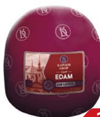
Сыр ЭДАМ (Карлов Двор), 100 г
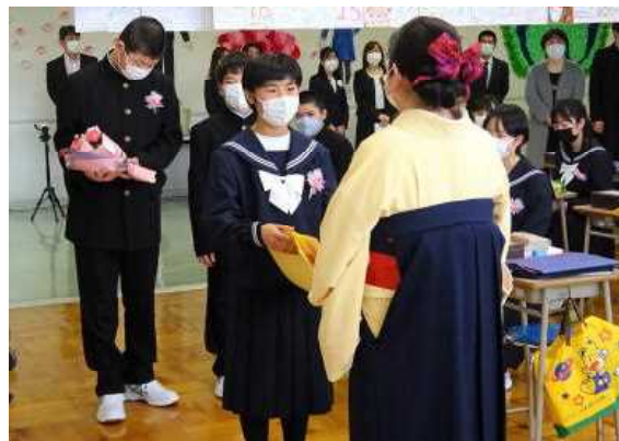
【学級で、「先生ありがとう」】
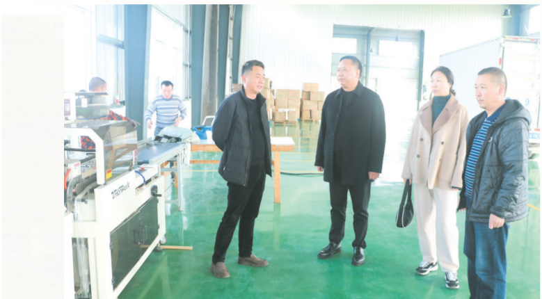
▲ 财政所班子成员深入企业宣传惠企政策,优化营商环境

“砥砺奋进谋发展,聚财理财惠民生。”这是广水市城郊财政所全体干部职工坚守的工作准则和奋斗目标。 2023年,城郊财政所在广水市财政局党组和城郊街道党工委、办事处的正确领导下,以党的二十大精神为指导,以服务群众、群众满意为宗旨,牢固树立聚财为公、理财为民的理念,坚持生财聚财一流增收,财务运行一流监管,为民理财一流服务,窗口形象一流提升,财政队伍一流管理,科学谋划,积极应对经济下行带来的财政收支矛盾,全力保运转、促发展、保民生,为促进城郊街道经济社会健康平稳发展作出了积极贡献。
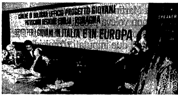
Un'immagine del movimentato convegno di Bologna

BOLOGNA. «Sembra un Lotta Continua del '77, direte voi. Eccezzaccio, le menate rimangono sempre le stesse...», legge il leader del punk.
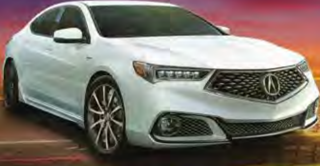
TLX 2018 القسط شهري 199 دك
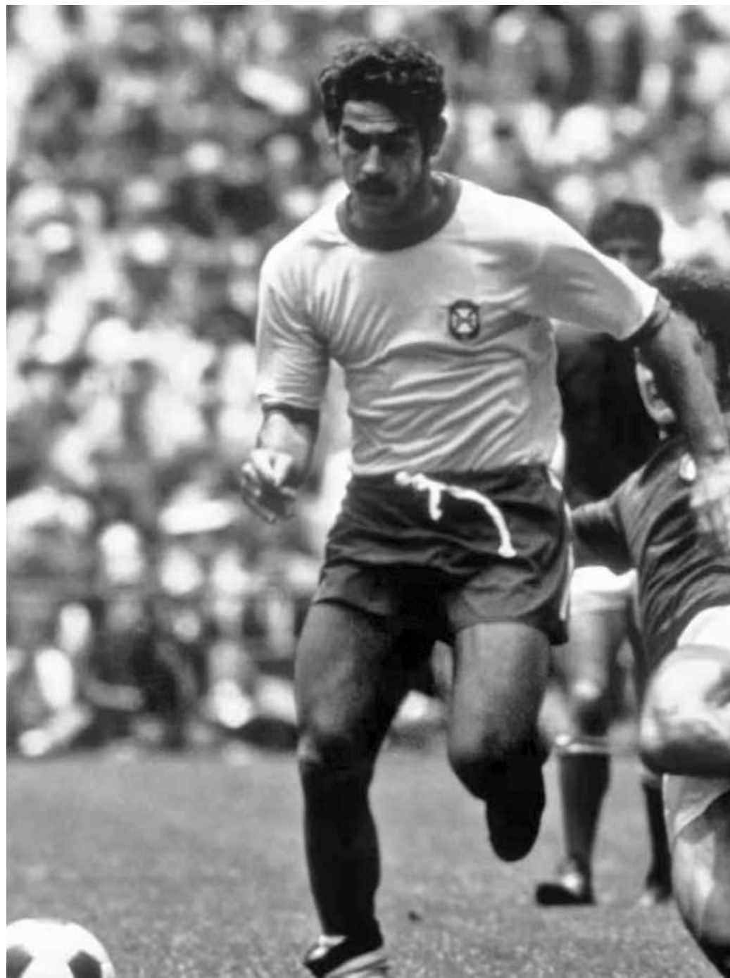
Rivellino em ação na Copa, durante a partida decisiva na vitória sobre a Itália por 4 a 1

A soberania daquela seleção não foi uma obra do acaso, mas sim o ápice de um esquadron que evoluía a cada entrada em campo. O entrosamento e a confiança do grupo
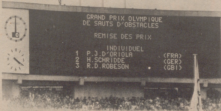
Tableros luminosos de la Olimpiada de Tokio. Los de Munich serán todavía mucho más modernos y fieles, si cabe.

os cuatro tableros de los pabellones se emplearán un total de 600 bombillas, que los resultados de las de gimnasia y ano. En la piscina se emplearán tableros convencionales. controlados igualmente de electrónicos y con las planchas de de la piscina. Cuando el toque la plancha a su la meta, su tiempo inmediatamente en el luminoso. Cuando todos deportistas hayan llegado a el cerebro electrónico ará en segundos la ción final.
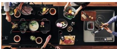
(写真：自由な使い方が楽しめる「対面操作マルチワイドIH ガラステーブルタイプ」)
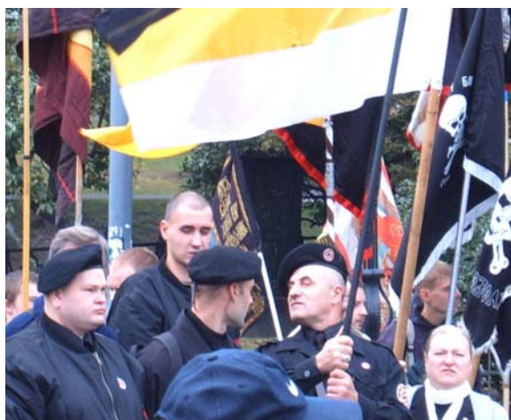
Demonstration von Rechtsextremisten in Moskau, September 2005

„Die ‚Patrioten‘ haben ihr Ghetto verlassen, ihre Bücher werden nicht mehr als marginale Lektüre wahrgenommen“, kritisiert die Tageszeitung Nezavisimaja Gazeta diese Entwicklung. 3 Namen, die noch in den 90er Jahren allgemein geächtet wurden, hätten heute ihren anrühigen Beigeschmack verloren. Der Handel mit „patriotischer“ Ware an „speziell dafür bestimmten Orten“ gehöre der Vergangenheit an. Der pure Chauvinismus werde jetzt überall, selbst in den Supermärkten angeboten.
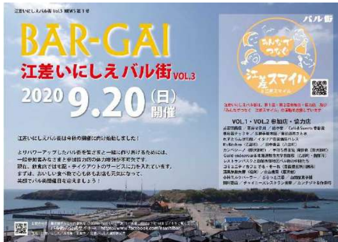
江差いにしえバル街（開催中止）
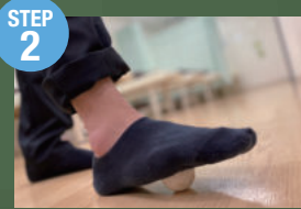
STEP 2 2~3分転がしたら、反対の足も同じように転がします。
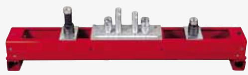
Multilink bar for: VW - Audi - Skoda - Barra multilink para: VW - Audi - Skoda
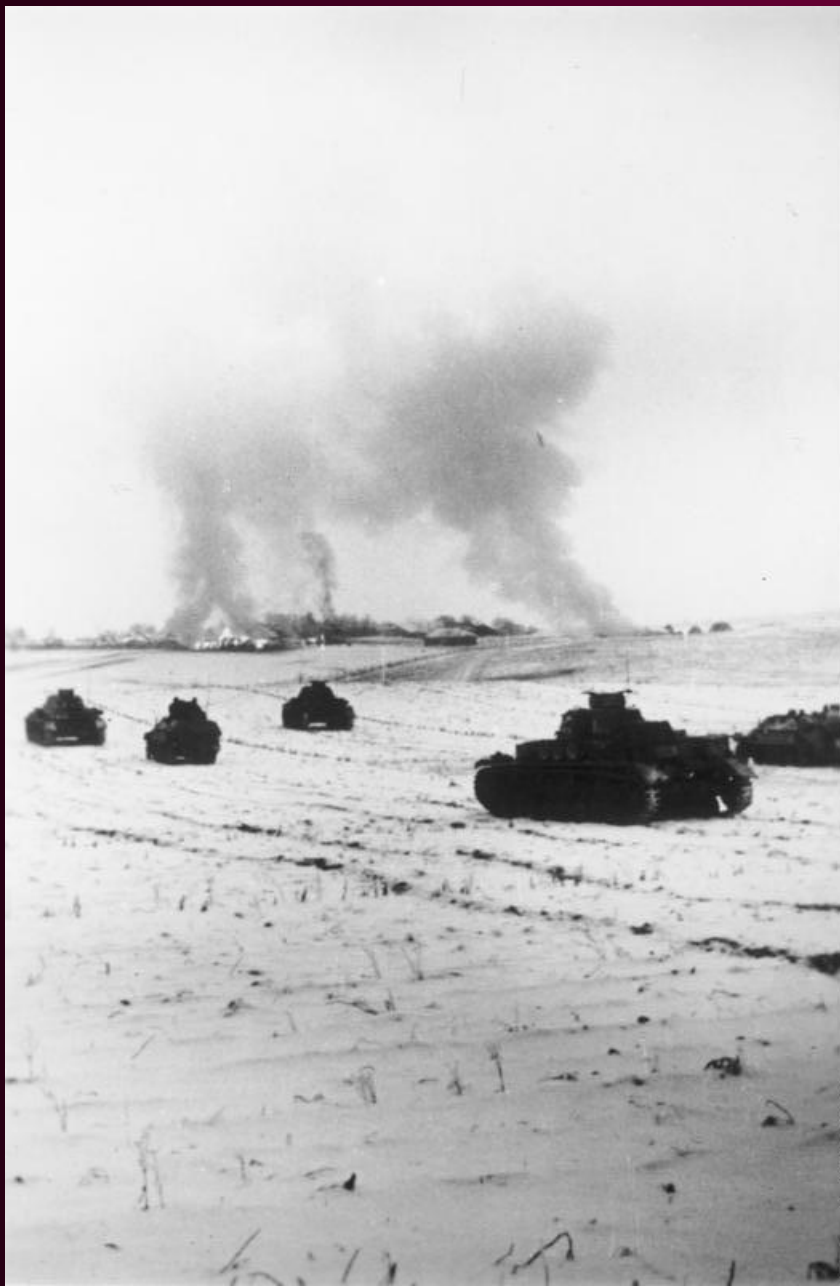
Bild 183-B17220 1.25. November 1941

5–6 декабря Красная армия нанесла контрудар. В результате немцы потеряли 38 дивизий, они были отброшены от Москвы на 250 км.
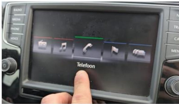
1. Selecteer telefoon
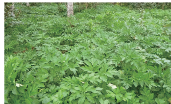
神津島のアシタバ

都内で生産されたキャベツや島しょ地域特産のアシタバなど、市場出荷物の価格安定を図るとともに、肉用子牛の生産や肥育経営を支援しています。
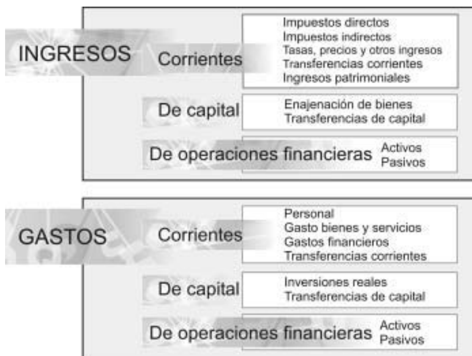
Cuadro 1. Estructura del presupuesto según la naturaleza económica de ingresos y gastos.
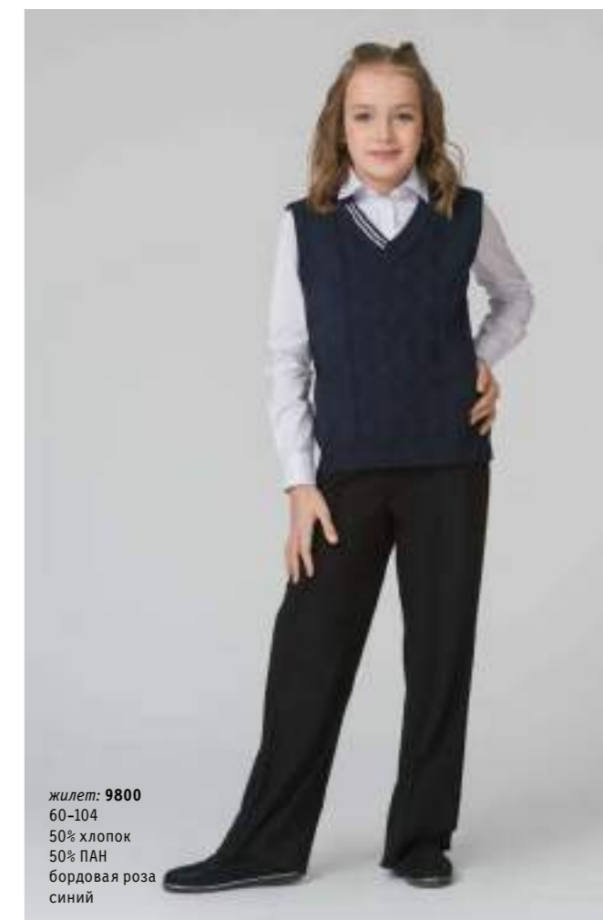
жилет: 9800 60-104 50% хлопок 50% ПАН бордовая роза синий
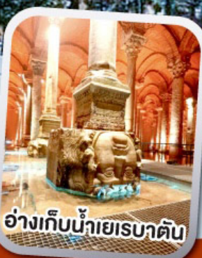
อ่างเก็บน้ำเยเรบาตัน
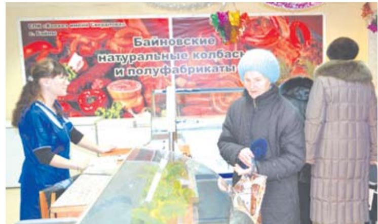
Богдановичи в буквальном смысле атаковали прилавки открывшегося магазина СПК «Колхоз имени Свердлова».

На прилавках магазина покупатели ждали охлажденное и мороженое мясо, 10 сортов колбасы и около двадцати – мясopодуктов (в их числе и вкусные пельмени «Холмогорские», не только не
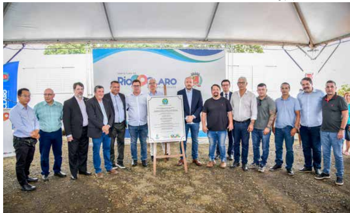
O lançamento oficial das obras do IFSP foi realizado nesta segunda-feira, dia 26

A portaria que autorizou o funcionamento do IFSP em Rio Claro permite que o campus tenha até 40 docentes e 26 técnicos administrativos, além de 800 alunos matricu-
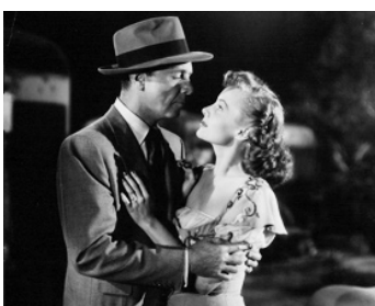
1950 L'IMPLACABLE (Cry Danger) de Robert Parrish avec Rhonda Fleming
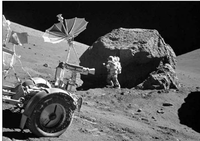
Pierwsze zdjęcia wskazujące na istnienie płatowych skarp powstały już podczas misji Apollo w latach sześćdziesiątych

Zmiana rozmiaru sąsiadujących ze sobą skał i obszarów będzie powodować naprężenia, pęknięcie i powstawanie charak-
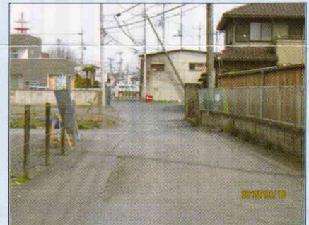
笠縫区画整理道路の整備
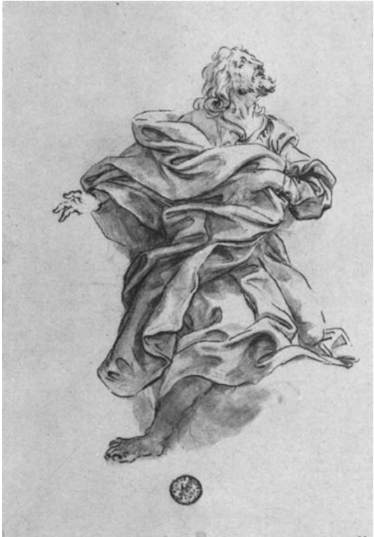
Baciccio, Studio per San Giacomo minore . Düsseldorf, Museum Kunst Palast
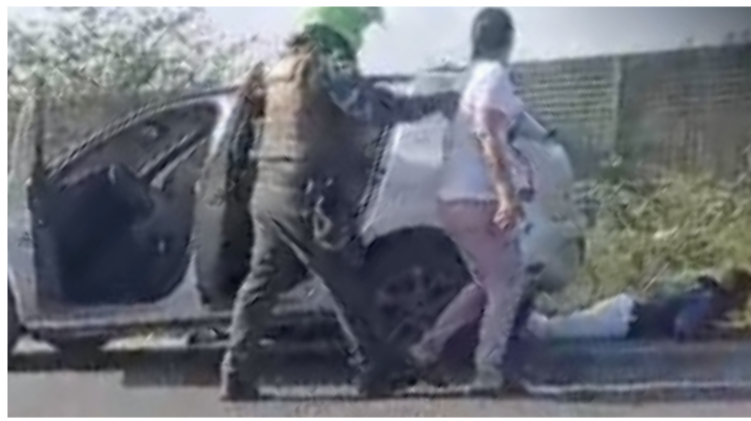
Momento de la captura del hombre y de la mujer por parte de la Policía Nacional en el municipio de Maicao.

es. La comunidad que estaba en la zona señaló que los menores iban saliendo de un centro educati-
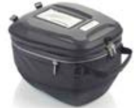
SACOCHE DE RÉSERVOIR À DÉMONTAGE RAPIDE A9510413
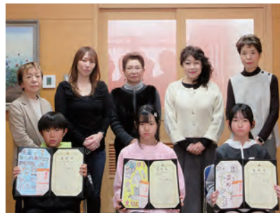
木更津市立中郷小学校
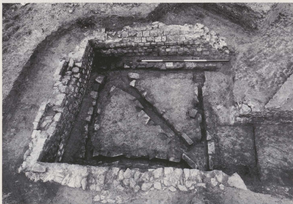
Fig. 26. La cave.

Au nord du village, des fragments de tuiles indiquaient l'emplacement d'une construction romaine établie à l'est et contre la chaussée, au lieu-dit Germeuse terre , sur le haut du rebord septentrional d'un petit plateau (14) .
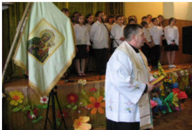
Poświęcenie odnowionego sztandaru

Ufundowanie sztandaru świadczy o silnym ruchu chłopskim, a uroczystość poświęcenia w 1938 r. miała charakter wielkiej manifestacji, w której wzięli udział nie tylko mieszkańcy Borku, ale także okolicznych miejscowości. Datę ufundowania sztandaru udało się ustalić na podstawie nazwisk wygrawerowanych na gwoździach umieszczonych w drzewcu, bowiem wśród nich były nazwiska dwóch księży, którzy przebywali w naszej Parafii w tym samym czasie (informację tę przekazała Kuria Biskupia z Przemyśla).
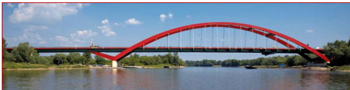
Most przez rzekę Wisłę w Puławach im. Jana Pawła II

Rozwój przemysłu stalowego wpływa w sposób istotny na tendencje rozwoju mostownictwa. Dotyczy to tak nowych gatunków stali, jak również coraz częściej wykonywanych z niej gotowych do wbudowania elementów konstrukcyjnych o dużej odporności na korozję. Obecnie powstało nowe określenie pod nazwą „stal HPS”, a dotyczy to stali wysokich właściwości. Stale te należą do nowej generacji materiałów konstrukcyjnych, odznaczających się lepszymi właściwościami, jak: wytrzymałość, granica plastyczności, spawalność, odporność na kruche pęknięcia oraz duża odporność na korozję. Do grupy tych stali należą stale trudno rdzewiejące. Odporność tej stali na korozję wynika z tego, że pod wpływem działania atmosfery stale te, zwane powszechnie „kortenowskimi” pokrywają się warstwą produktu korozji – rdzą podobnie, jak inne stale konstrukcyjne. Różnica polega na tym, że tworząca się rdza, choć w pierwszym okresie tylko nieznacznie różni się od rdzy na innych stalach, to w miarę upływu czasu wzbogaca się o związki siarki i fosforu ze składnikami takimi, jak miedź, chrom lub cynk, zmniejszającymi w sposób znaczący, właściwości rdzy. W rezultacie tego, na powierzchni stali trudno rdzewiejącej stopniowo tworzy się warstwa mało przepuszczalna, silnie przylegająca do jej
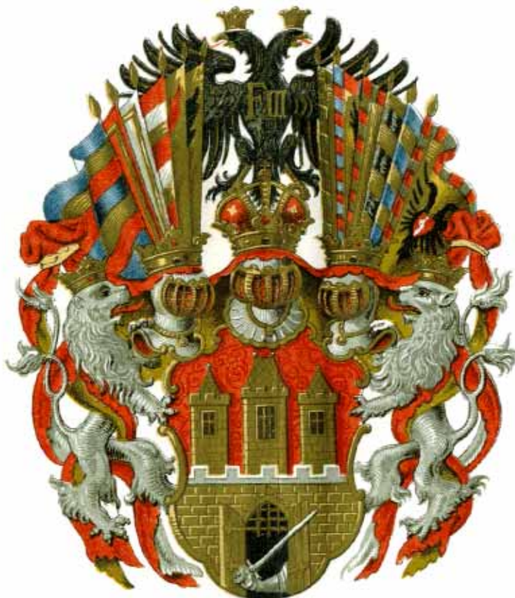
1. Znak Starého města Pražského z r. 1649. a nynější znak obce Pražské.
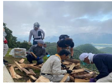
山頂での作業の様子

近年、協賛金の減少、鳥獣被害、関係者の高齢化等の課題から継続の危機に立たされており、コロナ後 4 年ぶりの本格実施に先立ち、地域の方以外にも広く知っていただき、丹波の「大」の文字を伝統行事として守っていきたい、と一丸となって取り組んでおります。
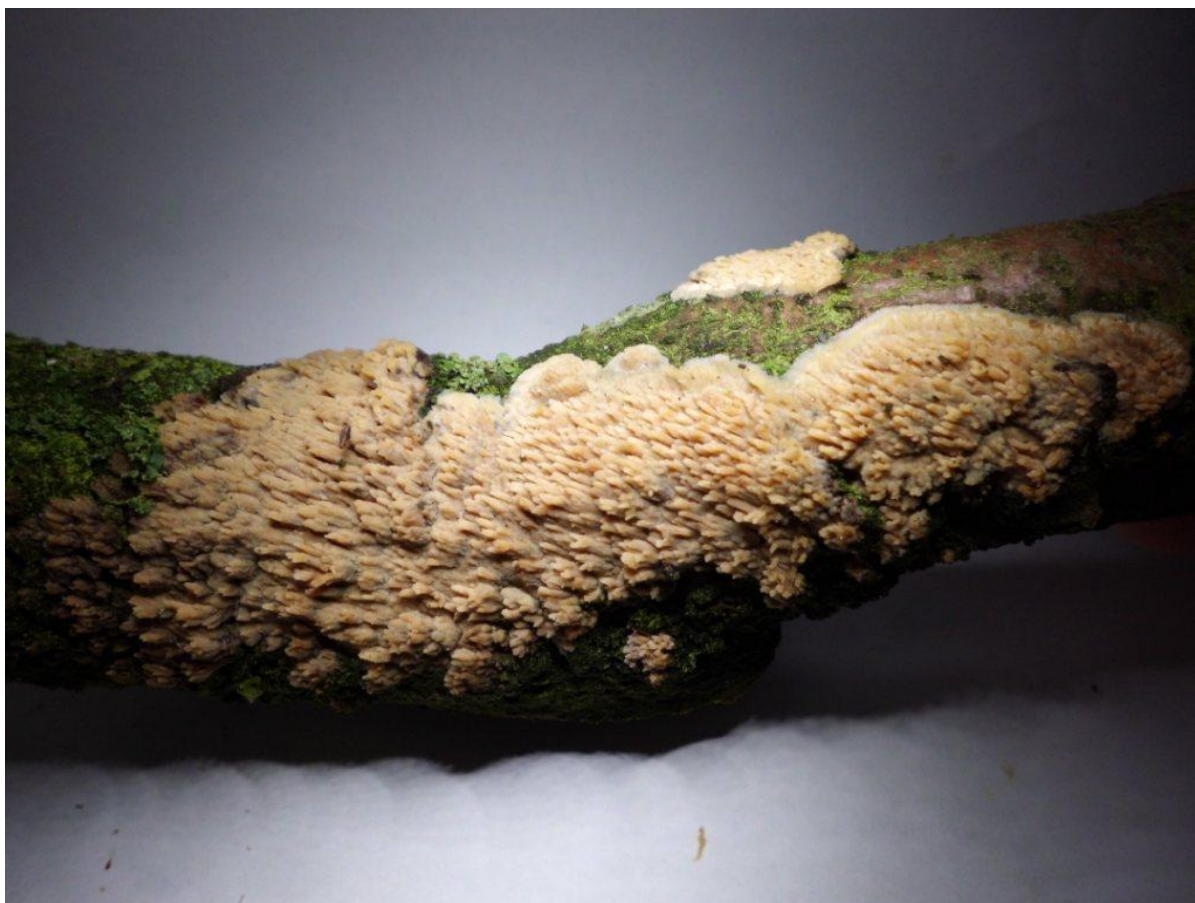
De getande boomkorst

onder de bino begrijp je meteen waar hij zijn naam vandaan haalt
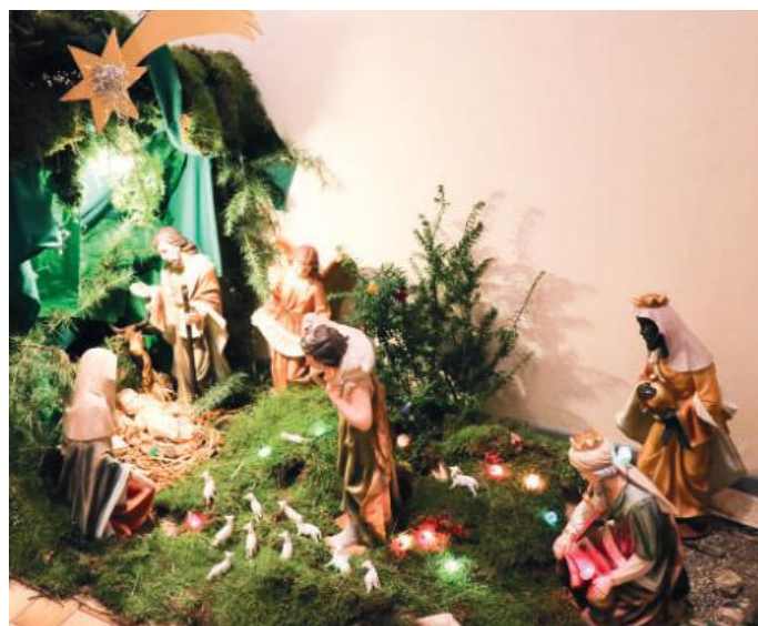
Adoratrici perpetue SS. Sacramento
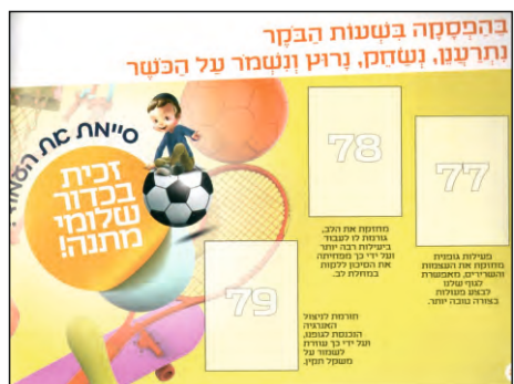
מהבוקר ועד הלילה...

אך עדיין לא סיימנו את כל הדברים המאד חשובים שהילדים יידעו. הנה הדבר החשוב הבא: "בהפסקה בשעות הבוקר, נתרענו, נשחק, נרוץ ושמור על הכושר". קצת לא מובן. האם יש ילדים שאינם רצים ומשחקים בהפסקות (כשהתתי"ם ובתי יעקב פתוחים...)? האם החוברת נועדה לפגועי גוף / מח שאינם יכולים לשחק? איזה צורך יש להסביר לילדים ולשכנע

=====

:: WHAT NEEDS TO BE DONE ::
Return, unchanged, each line from the line containing "מהבוקר ועד הלילה..." through the last line of the material.

:: TASK RESULT ::
מהבוקר ועד הלילה...

אך עדיין לא סיימנו את כל הדברים המאד חשובים שהילדים יידעו. הנה הדבר החשוב הבא: "בהפסקה בשעות הבוקר, נתרענו, נשחק, נרוץ ושמור על הכושר". קצת לא מובן. האם יש ילדים שאינם רצים ומשחקים בהפסקות (כשהתתי"ם ובתי יעקב פתוחים...)? האם החוברת נועדה לפגועי גוף / מח שאינם יכולים לשחק? איזה צורך יש להסביר לילדים ולשכנע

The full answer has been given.